### TASK STATEMENT
Below this line are records; transcribe exactly the lines between the one holding "本報訊 (記者 王艷)" and the one holding "Gambar: Aparat gabungan", inclusive, and omit the pictures.

** DATASET follows **

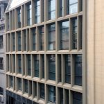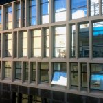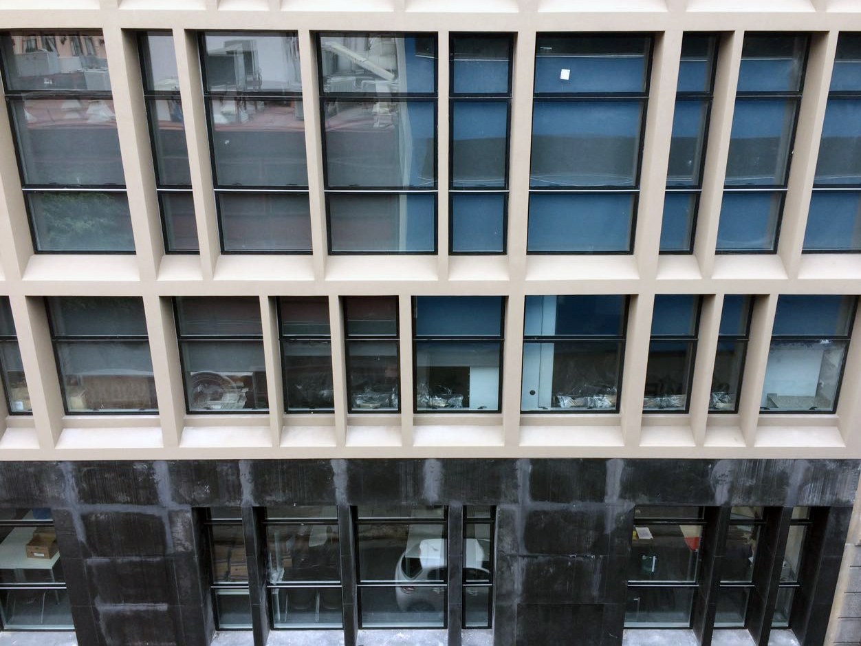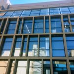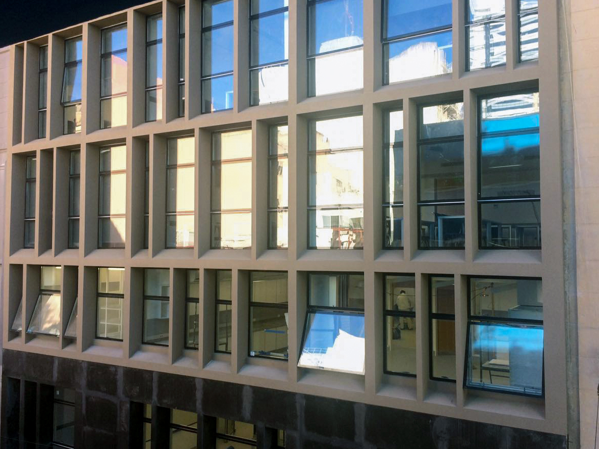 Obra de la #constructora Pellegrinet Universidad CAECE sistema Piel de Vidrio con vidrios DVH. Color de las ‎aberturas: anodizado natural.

** End of DATASET **
** DATASET follows **

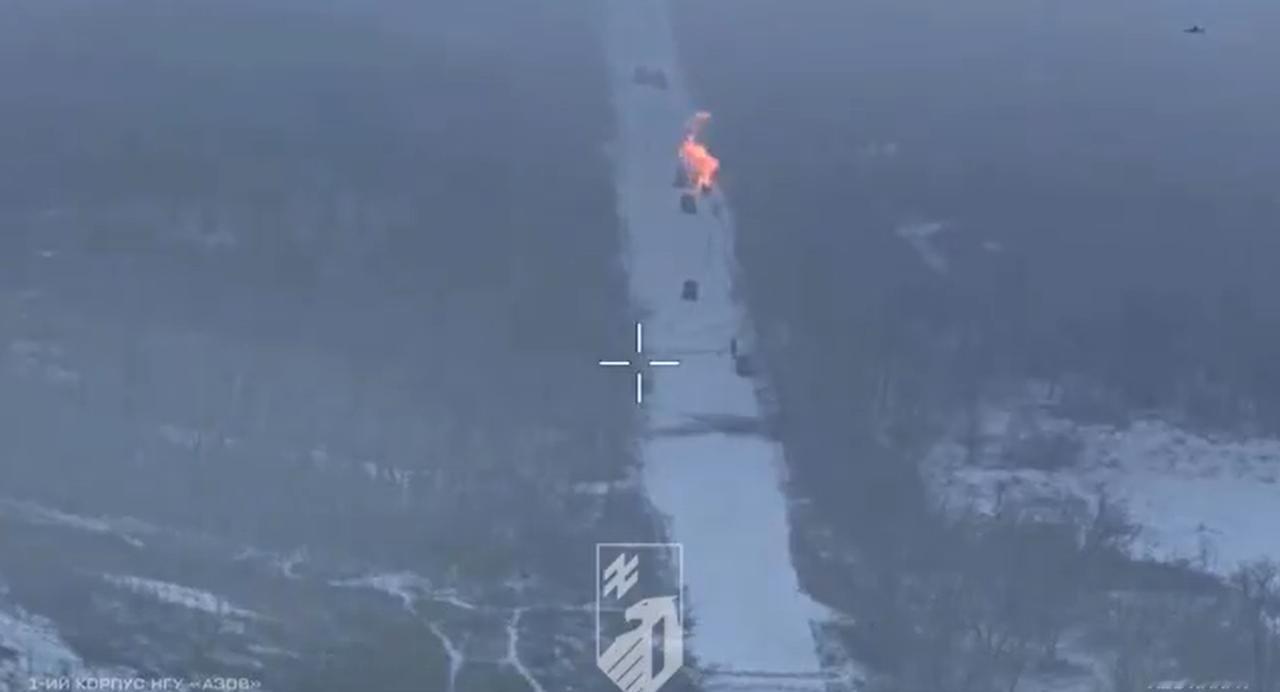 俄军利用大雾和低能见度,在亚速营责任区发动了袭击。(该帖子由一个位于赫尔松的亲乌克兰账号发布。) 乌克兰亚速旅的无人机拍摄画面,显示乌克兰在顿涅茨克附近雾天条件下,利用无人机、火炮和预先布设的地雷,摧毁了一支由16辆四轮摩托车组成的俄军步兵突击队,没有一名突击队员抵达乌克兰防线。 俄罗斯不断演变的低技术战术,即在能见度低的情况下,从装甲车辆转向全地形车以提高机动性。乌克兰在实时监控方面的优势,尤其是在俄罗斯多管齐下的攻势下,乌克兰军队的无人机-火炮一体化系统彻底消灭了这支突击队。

** End of DATASET **
** DATASET follows **

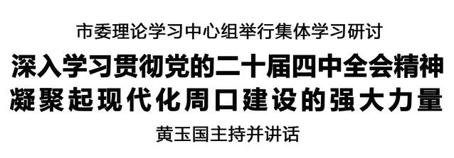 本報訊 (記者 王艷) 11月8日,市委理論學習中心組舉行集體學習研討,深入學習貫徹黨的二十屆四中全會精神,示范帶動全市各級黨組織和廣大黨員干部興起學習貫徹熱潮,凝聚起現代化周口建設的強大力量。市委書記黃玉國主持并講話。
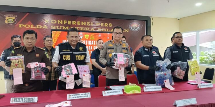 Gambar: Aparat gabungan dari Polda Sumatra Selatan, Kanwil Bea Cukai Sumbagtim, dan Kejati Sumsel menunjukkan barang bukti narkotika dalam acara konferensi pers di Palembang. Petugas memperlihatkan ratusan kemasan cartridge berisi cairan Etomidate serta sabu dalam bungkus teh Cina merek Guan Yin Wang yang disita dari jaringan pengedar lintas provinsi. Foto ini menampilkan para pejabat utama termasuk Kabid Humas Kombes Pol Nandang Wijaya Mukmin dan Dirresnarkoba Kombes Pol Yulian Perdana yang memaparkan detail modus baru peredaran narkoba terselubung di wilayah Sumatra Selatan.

** End of DATASET **

### FINISHED TASK
 本報訊 (記者 王艷) 11月8日,市委理論學習中心組舉行集體學習研討,深入學習貫徹黨的二十屆四中全會精神,示范帶動全市各級黨組織和廣大黨員干部興起學習貫徹熱潮,凝聚起現代化周口建設的強大力量。市委書記黃玉國主持并講話。
 Gambar: Aparat gabungan dari Polda Sumatra Selatan, Kanwil Bea Cukai Sumbagtim, dan Kejati Sumsel menunjukkan barang bukti narkotika dalam acara konferensi pers di Palembang. Petugas memperlihatkan ratusan kemasan cartridge berisi cairan Etomidate serta sabu dalam bungkus teh Cina merek Guan Yin Wang yang disita dari jaringan pengedar lintas provinsi. Foto ini menampilkan para pejabat utama termasuk Kabid Humas Kombes Pol Nandang Wijaya Mukmin dan Dirresnarkoba Kombes Pol Yulian Perdana yang memaparkan detail modus baru peredaran narkoba terselubung di wilayah Sumatra Selatan.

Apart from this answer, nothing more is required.